Programmes / Doctorate and PhD Programmes / PhD in Business Law / Module descriptors
This module covers the underlying theory and forms of qualitative research approaches, and the methods and ethics as they apply to the context of the programme. This includes acquiring a critical and interpretive understanding of qualitative research approaches, theories and concepts, as well as methods and techniques that constitute the qualitative research realm.
This module is designed to enhance students’ ability to conduct doctrinal and empirical legal research. It helps students to identify and analyse relevant legal sources and to develop writing and methodological skills. It covers a wide range of legal methods, including doctrinal studies, empirical studies, and comparative studies. It trains students on arguing cases, examining legal texts and categorising their research.
This module concentrates on the development and design of students’ own research proposals, consisting of two main sections: firstly, developing the research question and objectives and designing the theoretical framework; secondly, designing the research methodology including the research approach, methods, instruments or information gathering guidelines, and method of results analysis.
This module aims to provide a thorough and advanced knowledge of the basic methods of doing business abroad.
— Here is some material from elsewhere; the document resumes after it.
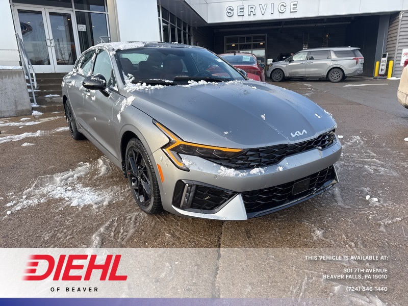 **BACK UP SENSOR**, *KEYLESS START*, **BACK UP CAMERA**, **ANDROID AUTO**, **APPLE CAR PLAY**, **HEATED SEATS**, **LANE KEEP ASSIST**, **LEATHER**, **MOONROOF**, **NAVIGATION**, **POWER DRIVERS SEAT**. Steel Matte Gray 2026 Kia K5 GT-Line FWD 8-Speed Automatic I4

Topics to be covered include: sources of international commercial sales; English law and SOGA 1979; Incoterms; CIF and FOB contracts; 1980 Vienna Convention on International Sale of Goods; creation of the contract; incorporation of standard terms and transport obligations; transfer of risk and property; international joint ventures; internal and external relationship; commercial agency; assignment; international franchising and agencies abroad; regulation of international trade finance; international marketing operations; counter-trade; and mergers and acquisitions.
The aim of the module is to develop a critical understanding of current and emerging developments in international investment law. The module will equip students with the knowledge and understanding about the various approaches to regulating foreign investment in a social, economic and political context. Topics to be covered include: sources of international investment law; the evolution of international investment law; theories relating to foreign investment; the regulation of foreign investment; the standards of protection under modern bilateral/multilateral investment treaties (BIT/MITs); and investor-state arbitration.
The module introduces students to the law and practice of commercial arbitration, mediation, adjudication and other alternative dispute resolutions. Topics to be covered include: arbitration agreement; arbitration tribunal; applicable laws; procedure and evidence issues; arbitration award; enforcement and recourse against awards; mediation; adjudication; and other alternative dispute resolution.
This module provides an advanced knowledge and higher level understanding of the law and practice relating to intellectual property rights. Intellectual property plays a vital role in the global economy. However, as the scope of protection expands to cover new subject matters, the protection of intellectual property also raises serious ethical and societal value issues such as the propertisation of genes and other biotechnological products under patent law. Topics to be covered include: the international patent system – the Paris Convention and the World Intellectual Property Organisation (WIPO); comparative patent law systems; the patent provisions of the TRIPS Agreement; patents; and access to medicine.